| What the exercise asks |
Would you write out the full listing exactly, without any pictures?

| Source material |
··········

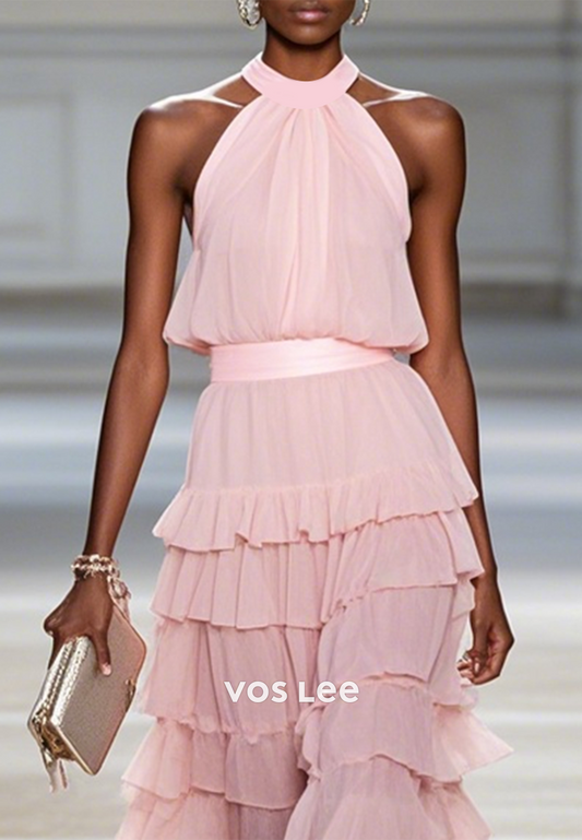 A-Line High Low Halter Ankle-Length Tiered Wedding Guest Dresses Party Dresses
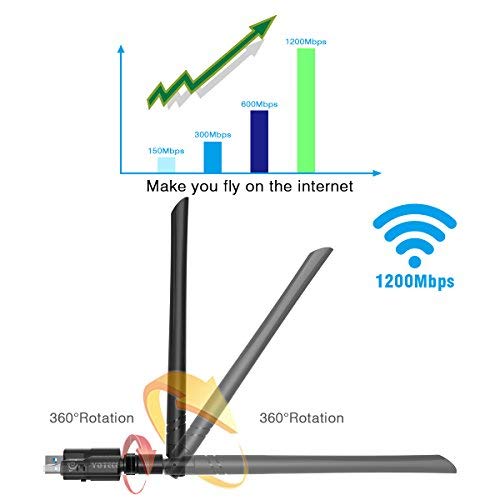1200Mbit/s USB Wifi Adapter,AC Dualband wireless Adapter (2.4G/300Mbps+5.8G/867Mbps),YOTECE Wlan Stick mit Antennenbuchse und abnehmbarer Antenne für Win 10/8.1/8/7/XP/Vista (32/64bits) MAC OS
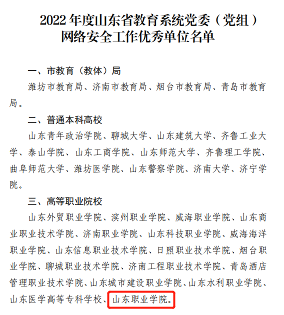 近(jin)日(ri),省委(wei)(wei)教育(yu)(yu)工(gong)委(wei)(wei)對各市黨(dang)委(wei)(wei)教育(yu)(yu)工(gong)委(wei)(wei)、各高等學校黨(dang)委(wei)(wei)網絡安全工(gong)作(zuo)責(ze)任制落實(shi)情況(kuang)進行了綜合考核,我校因在網絡安全工(gong)作(zuo)方(fang)面表現(xian)突出,榮獲(huo)2022年度(du)山東省教育(yu)(yu)系統(tong)黨(dang)委(wei)(wei)(黨(dang)組)網絡安全工(gong)作(zuo)優秀單位(wei)。
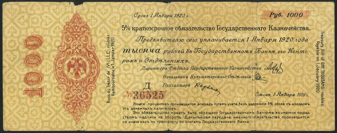 Siberia, 25, 50, 250, 500 and 1000 rubles, 1919, all with double headed eagle at left, value on the outside
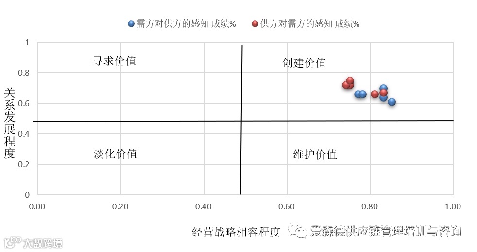 我们把三个维度,供应商关系、经营战略相容及合作关系程度放在一起利用上图给出的数据建模型分析,则可得出供需双方彼此感知及战略合作关系的匹配程度:
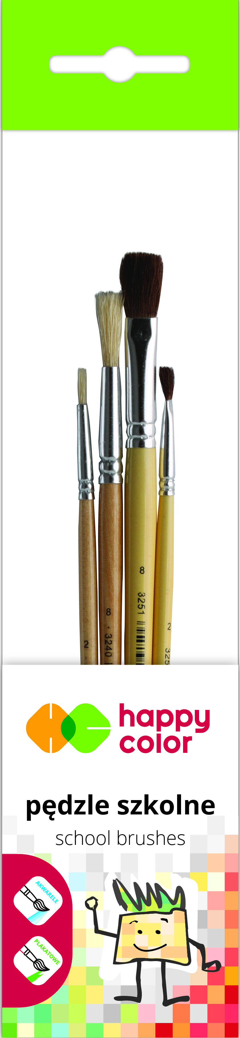 Opakowanie Pędzle szkolne mix włosia A 4szt HAPPY COLOR

··········

| Problem solution |
 A-Line High Low Halter Ankle-Length Tiered Wedding Guest Dresses Party Dresses
1200Mbit/s USB Wifi Adapter,AC Dualband wireless Adapter (2.4G/300Mbps+5.8G/867Mbps),YOTECE Wlan Stick mit Antennenbuchse und abnehmbarer Antenne für Win 10/8.1/8/7/XP/Vista (32/64bits) MAC OS
 近(jin)日(ri),省委(wei)(wei)教育(yu)(yu)工(gong)委(wei)(wei)對各市黨(dang)委(wei)(wei)教育(yu)(yu)工(gong)委(wei)(wei)、各高等學校黨(dang)委(wei)(wei)網絡安全工(gong)作(zuo)責(ze)任制落實(shi)情況(kuang)進行了綜合考核,我校因在網絡安全工(gong)作(zuo)方(fang)面表現(xian)突出,榮獲(huo)2022年度(du)山東省教育(yu)(yu)系統(tong)黨(dang)委(wei)(wei)(黨(dang)組)網絡安全工(gong)作(zuo)優秀單位(wei)。
 Siberia, 25, 50, 250, 500 and 1000 rubles, 1919, all with double headed eagle at left, value on the outside
 我们把三个维度,供应商关系、经营战略相容及合作关系程度放在一起利用上图给出的数据建模型分析,则可得出供需双方彼此感知及战略合作关系的匹配程度:
 Opakowanie Pędzle szkolne mix włosia A 4szt HAPPY COLOR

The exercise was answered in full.